THE RECORDS
=== Begin Enclosure ===
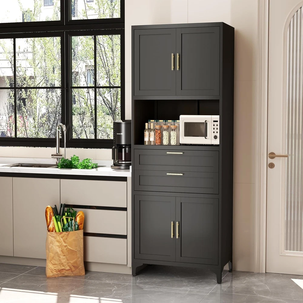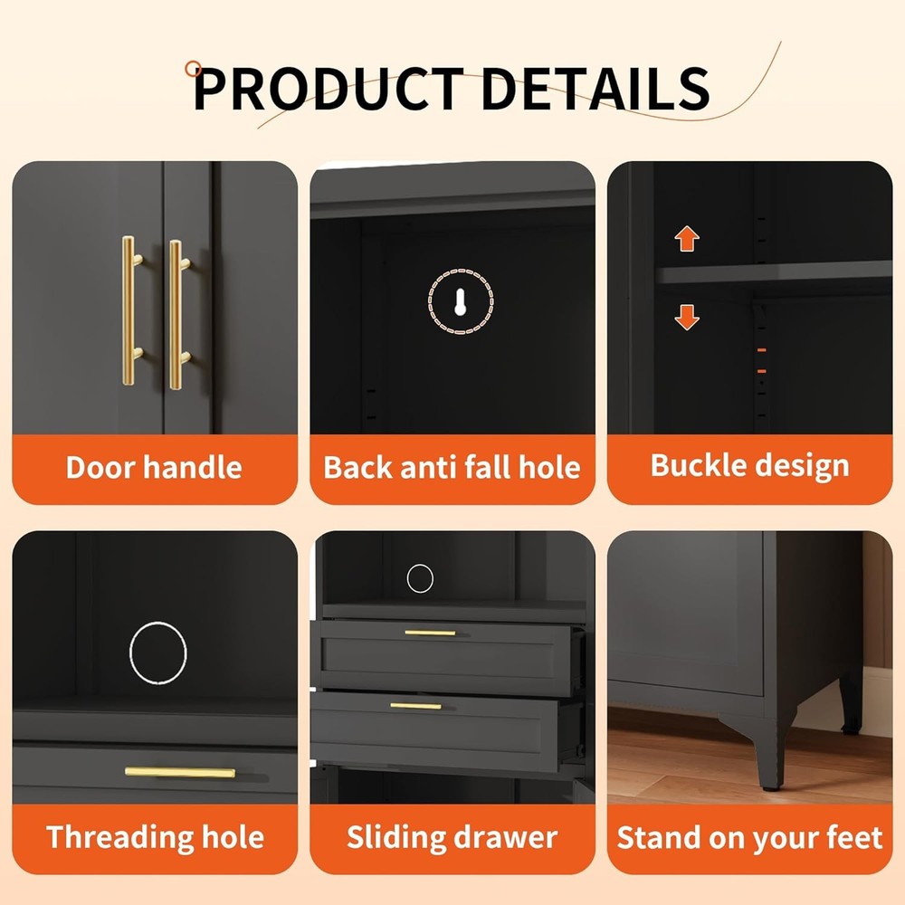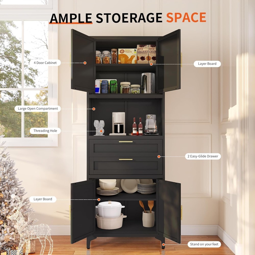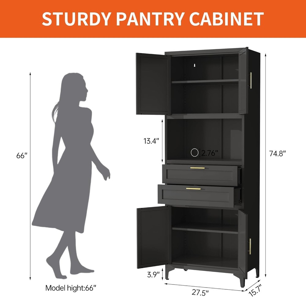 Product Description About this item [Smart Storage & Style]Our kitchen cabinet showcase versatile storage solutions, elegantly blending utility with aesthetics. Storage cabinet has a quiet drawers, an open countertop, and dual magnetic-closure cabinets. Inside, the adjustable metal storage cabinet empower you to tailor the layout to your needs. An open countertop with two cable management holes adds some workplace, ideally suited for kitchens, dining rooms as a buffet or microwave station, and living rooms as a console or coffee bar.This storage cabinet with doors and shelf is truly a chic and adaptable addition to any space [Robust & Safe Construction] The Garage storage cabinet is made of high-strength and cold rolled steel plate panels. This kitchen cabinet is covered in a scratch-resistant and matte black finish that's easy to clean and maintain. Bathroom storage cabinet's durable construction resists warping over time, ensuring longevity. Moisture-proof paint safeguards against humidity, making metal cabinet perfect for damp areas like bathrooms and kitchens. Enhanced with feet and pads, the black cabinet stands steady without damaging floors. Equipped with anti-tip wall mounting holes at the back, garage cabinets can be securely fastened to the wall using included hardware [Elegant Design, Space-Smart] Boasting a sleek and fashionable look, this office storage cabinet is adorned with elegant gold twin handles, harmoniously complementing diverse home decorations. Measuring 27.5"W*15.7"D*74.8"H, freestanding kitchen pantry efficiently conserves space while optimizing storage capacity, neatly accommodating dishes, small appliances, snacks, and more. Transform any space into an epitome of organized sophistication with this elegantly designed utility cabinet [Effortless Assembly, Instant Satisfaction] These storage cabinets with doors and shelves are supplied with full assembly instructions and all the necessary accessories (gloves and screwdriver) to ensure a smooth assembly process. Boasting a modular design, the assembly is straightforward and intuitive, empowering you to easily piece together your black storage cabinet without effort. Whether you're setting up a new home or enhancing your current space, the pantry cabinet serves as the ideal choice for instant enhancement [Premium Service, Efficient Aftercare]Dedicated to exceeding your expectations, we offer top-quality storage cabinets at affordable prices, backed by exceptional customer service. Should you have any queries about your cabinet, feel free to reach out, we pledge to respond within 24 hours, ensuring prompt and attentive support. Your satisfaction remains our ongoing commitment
=== End Enclosure ===
=== Begin Enclosure ===
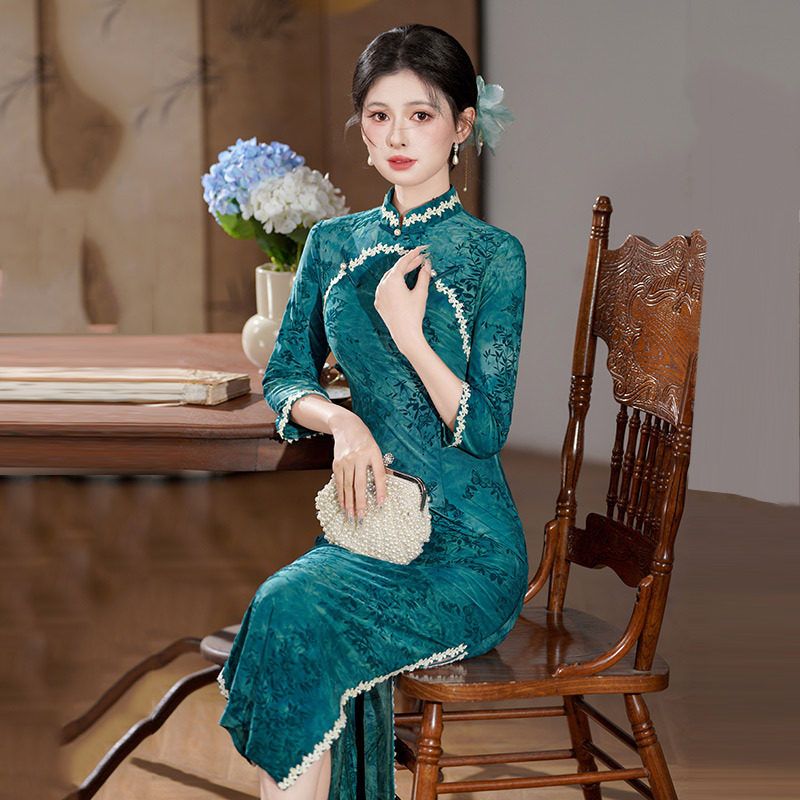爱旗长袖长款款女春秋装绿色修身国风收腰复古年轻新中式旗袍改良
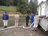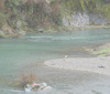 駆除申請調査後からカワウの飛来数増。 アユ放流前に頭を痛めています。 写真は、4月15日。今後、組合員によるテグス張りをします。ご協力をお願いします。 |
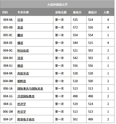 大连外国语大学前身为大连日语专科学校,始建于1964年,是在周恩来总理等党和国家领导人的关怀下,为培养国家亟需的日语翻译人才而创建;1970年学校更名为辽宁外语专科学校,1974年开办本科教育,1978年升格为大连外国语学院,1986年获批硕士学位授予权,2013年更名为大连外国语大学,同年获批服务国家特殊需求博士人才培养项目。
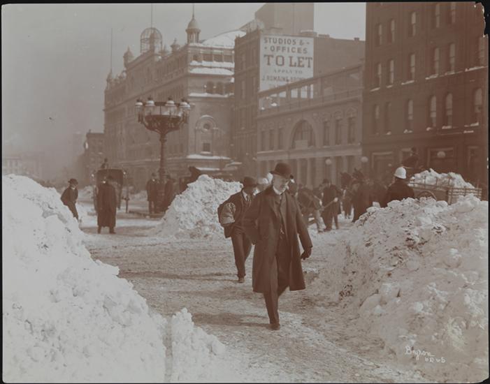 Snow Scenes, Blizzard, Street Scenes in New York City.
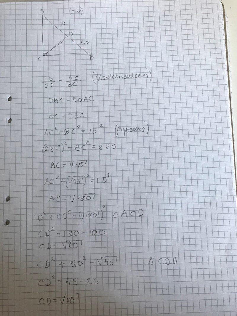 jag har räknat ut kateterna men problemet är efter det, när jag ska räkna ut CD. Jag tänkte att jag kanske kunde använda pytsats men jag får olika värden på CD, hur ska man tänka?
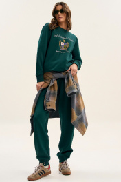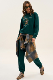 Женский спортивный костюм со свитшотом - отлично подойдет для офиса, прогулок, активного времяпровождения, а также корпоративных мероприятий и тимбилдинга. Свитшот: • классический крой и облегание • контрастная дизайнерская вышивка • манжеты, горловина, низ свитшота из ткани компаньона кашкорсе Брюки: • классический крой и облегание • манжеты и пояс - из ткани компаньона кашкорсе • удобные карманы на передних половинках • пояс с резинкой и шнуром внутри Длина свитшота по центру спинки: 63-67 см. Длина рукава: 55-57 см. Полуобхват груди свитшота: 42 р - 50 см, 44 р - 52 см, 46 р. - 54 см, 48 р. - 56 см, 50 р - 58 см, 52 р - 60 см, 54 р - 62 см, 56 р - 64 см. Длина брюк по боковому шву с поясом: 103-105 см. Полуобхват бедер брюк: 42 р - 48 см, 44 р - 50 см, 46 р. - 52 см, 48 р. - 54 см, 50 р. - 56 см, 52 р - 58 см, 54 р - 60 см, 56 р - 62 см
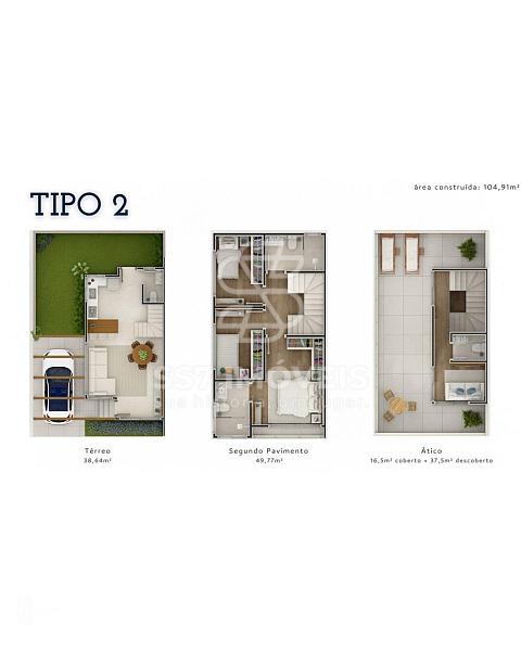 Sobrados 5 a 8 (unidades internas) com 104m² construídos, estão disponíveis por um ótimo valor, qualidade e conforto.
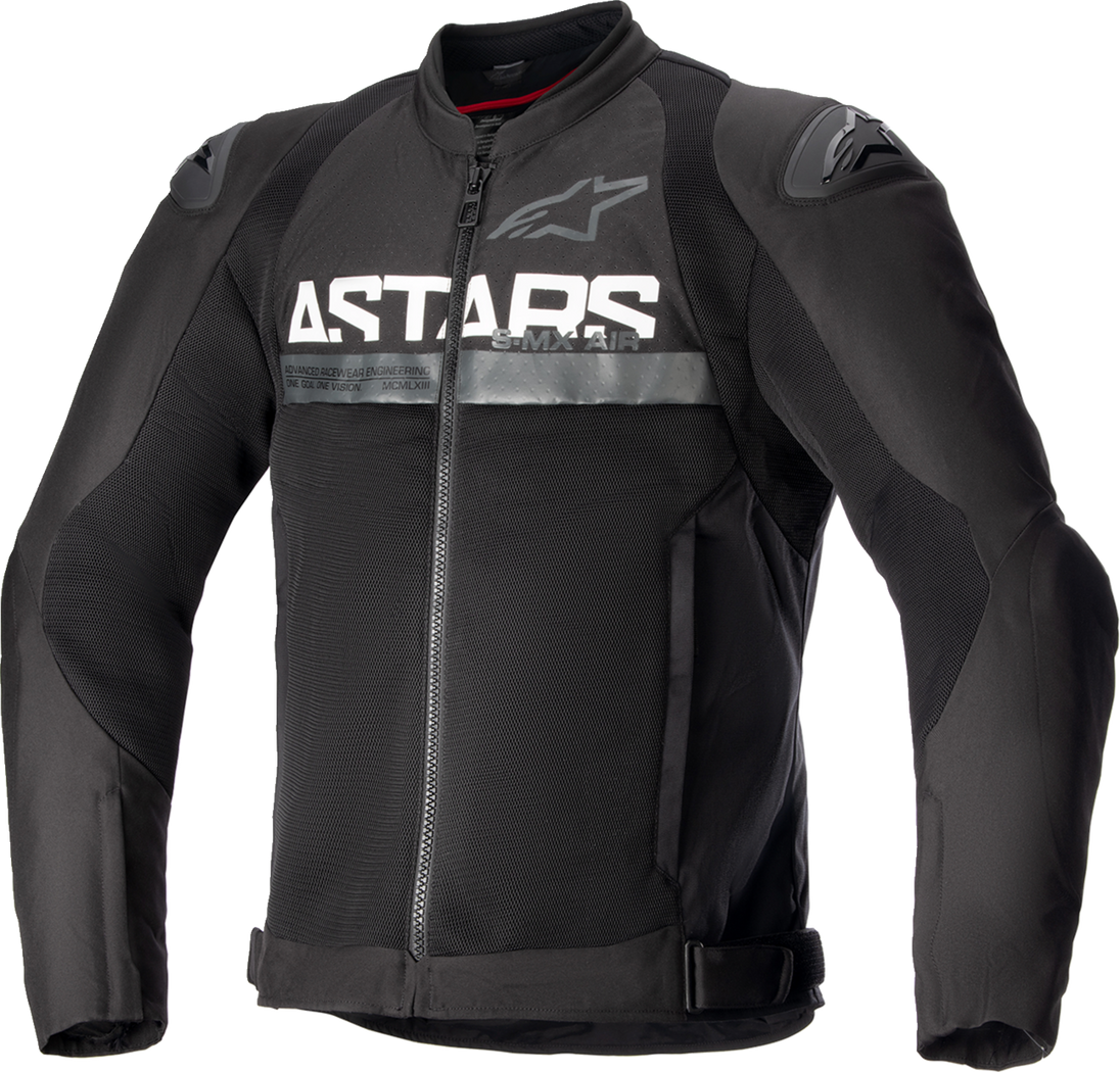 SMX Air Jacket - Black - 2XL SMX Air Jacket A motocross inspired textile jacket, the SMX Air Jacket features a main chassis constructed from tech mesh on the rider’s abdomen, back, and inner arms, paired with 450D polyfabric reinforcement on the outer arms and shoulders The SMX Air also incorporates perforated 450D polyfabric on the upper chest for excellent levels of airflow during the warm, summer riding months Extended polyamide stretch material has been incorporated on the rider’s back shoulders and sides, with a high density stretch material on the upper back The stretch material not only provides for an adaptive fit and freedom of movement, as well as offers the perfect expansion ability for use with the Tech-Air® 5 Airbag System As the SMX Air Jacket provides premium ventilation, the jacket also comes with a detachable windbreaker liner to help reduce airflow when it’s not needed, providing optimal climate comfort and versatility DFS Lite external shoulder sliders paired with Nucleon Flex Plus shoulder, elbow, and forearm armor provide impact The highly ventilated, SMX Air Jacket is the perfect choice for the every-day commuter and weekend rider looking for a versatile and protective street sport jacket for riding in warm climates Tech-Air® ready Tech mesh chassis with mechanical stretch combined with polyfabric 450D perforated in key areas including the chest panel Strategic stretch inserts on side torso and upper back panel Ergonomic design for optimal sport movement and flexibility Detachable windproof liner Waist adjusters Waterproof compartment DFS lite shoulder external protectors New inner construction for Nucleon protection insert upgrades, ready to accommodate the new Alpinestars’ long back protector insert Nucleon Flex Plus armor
=== End Enclosure ===
EXERCISE INSTRUCTIONS
Work from the entries above. Set down exactly and only the lines from the line with "Snow Scenes, Blizzard, Street" to the line with "jag har räknat", both included, and leave the pictures out.

ANSWER AREA
 Snow Scenes, Blizzard, Street Scenes in New York City.
 jag har räknat ut kateterna men problemet är efter det, när jag ska räkna ut CD. Jag tänkte att jag kanske kunde använda pytsats men jag får olika värden på CD, hur ska man tänka?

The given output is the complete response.